Researchers Claim LIGHT May Provide New Hope for Future Asthma Therapies

Study results suggest blocking TNF family protein may halt lung remodeling.

Researchers claim the TNF protein family member LIGHT may represent a new target for halting the process of airway remodeling that leads to decreased lung function in asthma patients. A team headed by scientists at La Jolla Institute for Allergy and Immunology has shown that blocking LIGHT’s interaction with its two receptors, HVEM and LTβR, reduces lung fibrosis, smooth muscle hyperplasia, and airway hyperresponsiveness in mouse models of house dust mite-induced chronic asthma.

The studies, led by Michael Croft, Ph.D., found that genetic and antibody-mediated blockade of LIGHT prevents remodeling and decreased lung function as a result of allergen exposure, without altering the influx of immune cells into the lung. The team reports its findings in Nature Medicine in a paper titled, “The tumor necrosis factor family member LIGHT is a target for asthmatic airway remodeling.”

Patients with severe asthma exhibit chronic unresolved inflammation in the lungs leading to remodeling of the airways, fibrosis, and decreased lung function, the authors explain. Unfortunately, despite controlling airway inflammation, current therapies used to treat asthma have little effect on this remodeling process. Dr. Croft’s team has now found that this mechanism is triggered by the TNF family member LIGHT expressed on activated immune cells after exposure to allergens from house dust mites.  

Previous studies, including research at Dr. Croft’s laboratory, have implicated other TNF superfamily members including OX40 ligand and TNF itself as key mediators in asthmatic inflammation. A recent study in addition found that LIGHT levels in the sputum of asthma patients correlated with decreased lung function. This growing collection of evidence led the La Jolla team to hypothesize that LIGHT might be directly involved in driving aspects of lung inflammation or airway remodeling.

The researchers used antibodies to block LIGHT from interacting with its two receptors LTβR and HVEM in a mouse model of house dust mite-induced chronic asthma and in a second mouse model in which ovalbumin was used as the antigen for sensitization and chronic repetitive airway challenges. 

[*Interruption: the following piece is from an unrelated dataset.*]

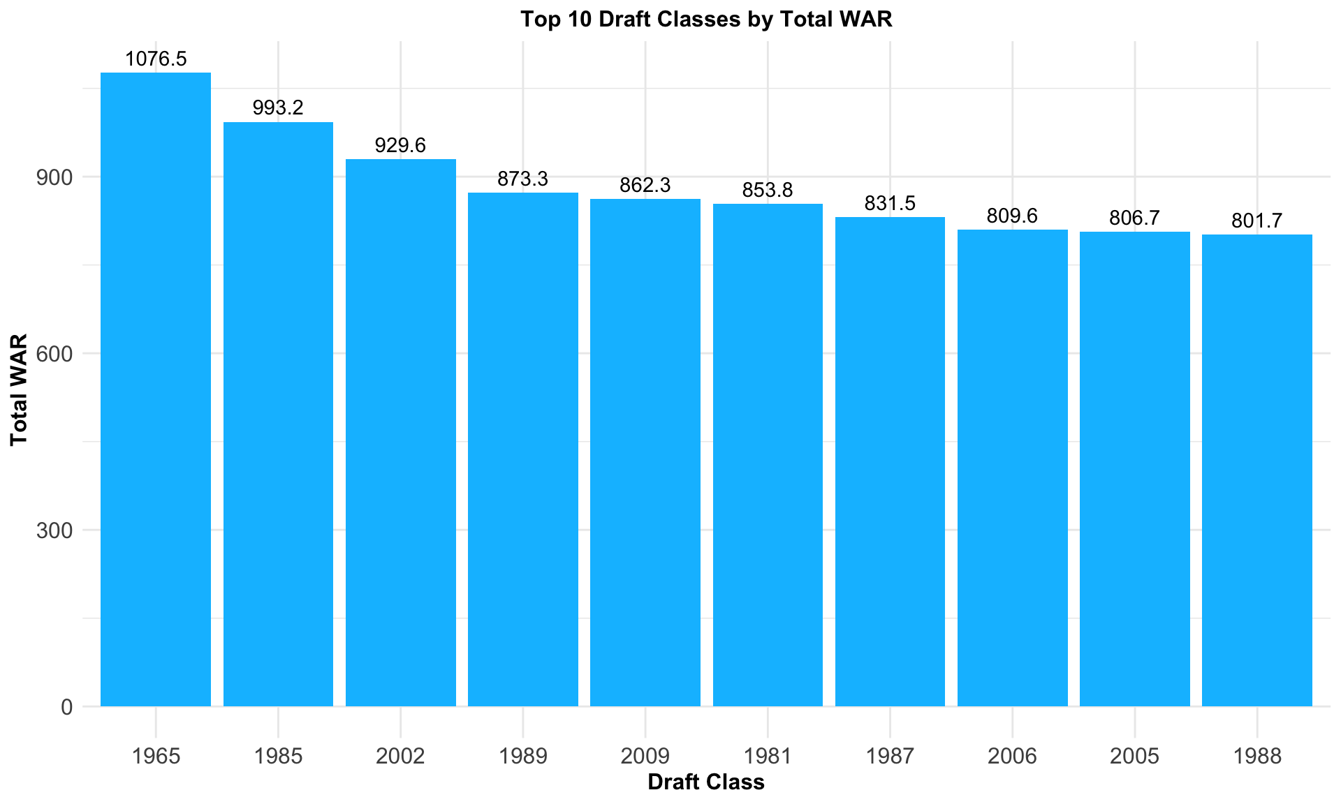 We can see from the barplot that the 1965, 1985, and 2002 draft classes are highly successful with each garnering a WAR value of over 900 across the draft class. 1965 includes the likes of Johnny Bench, Nolan Ryan, and Tom Seaver. Meanwhile, 1985 includes Barry Bonds, John Smoltz, and Randy Johnson while 2002 includes Zack Greinke, Prince Fielder, and Cole Hamels, all whom were incredibly influential baseball legends. The thing these drafts share in common is that they have an abundance of talent, both in terms of Hall of Famers and depth.

They found that preventing LIGHT interactions suppressed the expression of lung transforming growth factor-β (TGF-β) and interleukin-13 (IL-13), which are both cytokines implicated in lung remodeling in humans. Conversely, exogenous administration of LIGHT to the airways of LIGHT-deficient mice induced fibrosis and smooth muscle hyperplasia.

Importantly, LIGHT-deficient mice had reduced percentages and absolute numbers of lung macrophages after chronic challenge with their relevant antigens. Lung macrophages express one of LIGHT’s ligands, LTβR, and the researchers found that when sensitized, antigen-challenged mice were given an agonist antibody to LTβR13 the animals not only demonstrated a marked induction of fibrosis above the level found in acutely challenged mice, but double the number of relevant macrophages.

The collected findings strongly suggest that “LIGHT regulates macrophage accumulation in the lung and directly or indirectly regulates the number of TGF-β–producing cells,” the authors claim. “Collectively, these data indicate that LIGHT is required in models of chronic asthma for maximal expres­sion of two of the primary cytokines thought to promote airway remodelling, and that LIGHT-LTβR or LIGHT-HVEM interactions promote remodeling activities of lung macrophages and lung eosinophils, two of the cell types associated with chronic asthma and remodelling in humans,” they add. “Notably, our data presents a new role for this molecule in lung remodeling and fibrotic disease and suggests that LIGHT may be a relevant target for suppressing fibrosis and smooth muscle hyperplasia.”